On 18/02/2020 18:31, Christoph Hellwig wrote:
> On Tue, Feb 18, 2020 at 09:28:34AM -0800, James Bottomley wrote:
>> On Tue, 2020-02-18 at 09:23 -0800, Christoph Hellwig wrote:
>>> On Tue, Feb 18, 2020 at 09:20:28AM -0800, James Bottomley wrote:
>>>>>> Replace the global mutex with per-sr-device mutex.
>>>>>
>>>>> Do we actually need the lock at all? What is protected by it?
>>>>
>>>> We do at least for cdrom_open. It modifies the cdi structure with
>>>> no other protection and concurrent modification would at least
>>>> screw up the use counter which is not atomic. Same reasoning for
>>>> cdrom_release.
>>>
>>> Wouldn't the right fix to add locking to cdrom_open/release instead
>>> of having an undocumented requirement for the callers?
>>
>> Yes ... but that's somewhat of a bigger patch because you now have to
>> reason about the callbacks within cdrom. There's also the question of
>> whether you can assume ops->generic_packet() has its own concurrency
>> protections ... it's certainly true for SCSI, but is it for anything
>> else? Although I suppose you can just not care and run the internal
>> lock over it anyway.
>
> We have 4 instances of struct cdrom_device_ops in the kernel, one of
> which has a no-op generic_packet. So I don't think this should be a
> huge project.

The are two reasons I decided to make minor changes to fix the
performance regression.

First, being able to send the patch to the various stable branches once
merged. For people working with many CD drives attached to one station,
this is a pretty big deal, so I tried to keep the patch simple. It fixes
the regression introduced in another commit.

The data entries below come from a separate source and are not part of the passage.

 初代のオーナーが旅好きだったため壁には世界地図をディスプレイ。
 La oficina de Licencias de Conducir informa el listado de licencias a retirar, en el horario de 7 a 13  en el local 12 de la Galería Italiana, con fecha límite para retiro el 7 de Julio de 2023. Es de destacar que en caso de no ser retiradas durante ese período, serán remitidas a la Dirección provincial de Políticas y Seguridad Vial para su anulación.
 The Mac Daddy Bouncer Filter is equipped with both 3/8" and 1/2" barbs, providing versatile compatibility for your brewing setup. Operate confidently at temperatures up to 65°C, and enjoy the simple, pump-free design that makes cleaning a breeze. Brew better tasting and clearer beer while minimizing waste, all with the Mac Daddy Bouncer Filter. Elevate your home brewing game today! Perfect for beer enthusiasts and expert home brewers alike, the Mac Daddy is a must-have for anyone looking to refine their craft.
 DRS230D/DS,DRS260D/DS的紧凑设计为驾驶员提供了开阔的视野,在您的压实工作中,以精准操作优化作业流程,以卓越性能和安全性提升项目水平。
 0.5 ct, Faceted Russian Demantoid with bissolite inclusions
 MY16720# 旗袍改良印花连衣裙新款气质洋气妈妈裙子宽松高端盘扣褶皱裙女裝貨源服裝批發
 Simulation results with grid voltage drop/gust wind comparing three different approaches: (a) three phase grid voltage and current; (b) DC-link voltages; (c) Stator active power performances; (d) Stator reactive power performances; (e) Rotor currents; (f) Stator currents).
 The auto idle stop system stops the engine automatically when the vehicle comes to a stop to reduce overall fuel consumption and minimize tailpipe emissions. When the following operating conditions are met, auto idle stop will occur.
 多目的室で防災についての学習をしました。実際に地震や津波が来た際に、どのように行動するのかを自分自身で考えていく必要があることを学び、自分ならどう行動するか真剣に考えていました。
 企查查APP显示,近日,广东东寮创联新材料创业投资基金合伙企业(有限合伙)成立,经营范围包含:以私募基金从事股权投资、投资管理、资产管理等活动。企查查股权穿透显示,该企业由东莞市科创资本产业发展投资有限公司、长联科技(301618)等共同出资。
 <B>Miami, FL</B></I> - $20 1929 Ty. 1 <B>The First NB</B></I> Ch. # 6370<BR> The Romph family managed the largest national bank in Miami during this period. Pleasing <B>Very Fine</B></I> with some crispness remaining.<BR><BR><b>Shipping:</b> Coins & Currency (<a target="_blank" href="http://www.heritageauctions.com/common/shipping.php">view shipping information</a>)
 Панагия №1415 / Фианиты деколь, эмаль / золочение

Secondly, I don't have the hardware to test sophisticated or old setups,
like some of the issues linked from my patch. I have SATA CD drives with
USB->SATA bridges, no IDE, no PATA, etc. So the testing I can do is
relatively limited.

Perhaps I or someone else can work on removing the usage of the locks,
but as it stands I think this addresses the performance issue present in
the current kernel, and removing locks and the associated testing
required with that is something I am not entirely comfortable doing.